Quelles sont les implications politiques et sous-régionales des coups d’État de 2021 en Afrique de l’Ouest ? Le Mali, la Guinée Conakry et le Tchad sont au cœur de transitions politiques complexes, sous la pression des institutions régionales qui veulent aussi garder le contrôle.

L’Afrique de l’Ouest a toujours été marquée par le renversement de régime, mais cette année nous avons vu l’émergence de deux « familles » de coups d’État, distinction qui n’a fait qu’exacerber les tensions politiques dans les banlieues. Avec ou sans armes : c’est schématiquement la distinction que font les États et les institutions.

D’une part, on assiste à l’acceptation d’un coup d’État institutionnel, tenant au pouvoir une lignée, comme celle de la famille de feu Idriss Déby Itno au Tchad.
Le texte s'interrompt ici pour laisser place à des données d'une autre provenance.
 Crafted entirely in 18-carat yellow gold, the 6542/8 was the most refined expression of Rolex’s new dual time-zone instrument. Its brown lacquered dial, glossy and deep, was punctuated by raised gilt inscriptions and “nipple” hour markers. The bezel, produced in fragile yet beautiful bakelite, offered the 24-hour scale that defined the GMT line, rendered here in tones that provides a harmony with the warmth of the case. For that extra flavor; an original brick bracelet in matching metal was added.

D’autre part, le rejet des coups d’État militaires, tels que au Mali en août 2020 qu’en mai dernier et début septembre en Guinée.
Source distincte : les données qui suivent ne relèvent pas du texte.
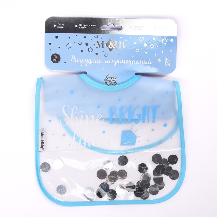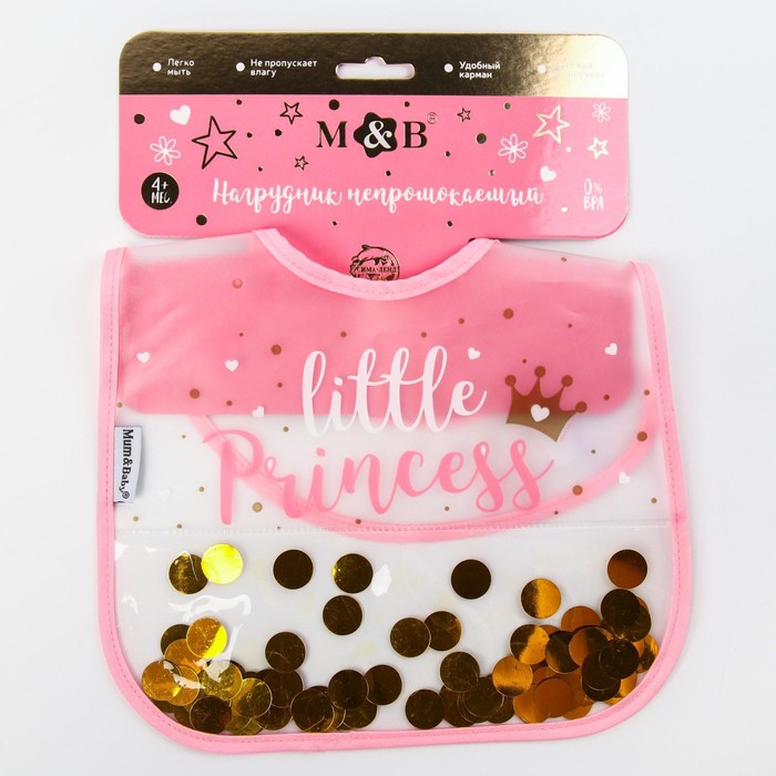 Нагрудник для кормления M&B «Little» непромокаемый на липучке, внутри с конфетти, виды МИКС — Характеристики

Début décembre, quand du Sommet Paix et Sécurité de Dakar, le président Macky Sall, comme l’avait fait avant lui le chef de l’Etat français Emmanuel Macron, a fait à nouveau cette distinction, citant uniquement le Mali et la Guinée : « En Afrique de l’Ouest, nous avons deux pays qui ont été touchés, le Mali et la Guinée. Nous ne pouvons pas permettre aux militaires de prendre le pouvoir par la force. Nous sommes dans une démocratie, le pouvoir se gagne par les élections. « 

Des habitants encouragent les soldats de l'armée alors qu'ils célèbrent le soulèvement à Conakry, en Guinée, le 5 septembre 2021.

Des habitants encouragent les soldats de l’armée alors qu’ils célèbrent le soulèvement à Conakry, en Guinée, le 5 septembre 2021. © REUTERS / Souleymane Camara

Même si Macky Sall et ses collègues ne le reconnaissent pas, ces coups d’État au Tchad, au Mali et en Guinée sont principalement le résultat de dérives politiques : volonté de rester au pouvoir, l’État au service d’un clan ou encore les violations des droits humains. .

Pour Alioune Tine, ancien patron d’Amnesty International en Afrique de l’Ouest et fondateur du think tank AfrikaJom Center, les putschs se sont multipliés alors que la CEDEAO a été fragilisée par ces dérives répétées des dirigeants.  » Les coups sont le résultat de dysfonctionnements graves et en réalité le coup est une sorte de thérapie, mais c’est une fausse thérapie. Cela révèle une chose, c’est l’effondrement des mécanismes de régulation des tensions politiques à la CEDEAO. La CEDEAO s’est pratiquement effondrée, le leadership est assuré par des pays qui ne sont pas démocratiques. La politique n’a plus de sens et quand l’armée arrive les gens applaudissent « , il explique.

De l’élite politique à l’élite militaire

Ce que ces putschs ont en commun, c’est que les leaders des transitions politiques sont des officiers supérieurs de l’armée qui refusent de se soumettre. Mahamat Idriss Deby Itno au Tchad était responsable de la sécurité du palais présidentiel. Assimi Goita au Mali et Mamadi Doumbouya en Guinée étaient tous deux à la tête des forces spéciales. Trois dirigeants présidentiels autoproclamés qui ont fait le choix stratégique de dissoudre les institutions, bloquant efficacement tout contrecoup.

Faiblesse des institutions locales, perte d’influence de la France, faiblesse aussi de la CEDEAO et de l’Union africaine, tous ces éléments ont permis à ces militaires de s’imposer jour après jour, estime Ibrahima Kane, observateur et militant sénégalais des droits humains.  » Nous sommes dans des sociétés en pleine désintégration. Il n’y a plus de structures capables de jouer le rôle que jouait la société civile dans le passé. Et cela permet à ces soldats de surfer, d’élaborer des stratégies, d’aller dans des directions qui sont les leurs et non celles des gens. Aujourd’hui, à part ces soldats, il n’y a absolument rien », analyse-t-il.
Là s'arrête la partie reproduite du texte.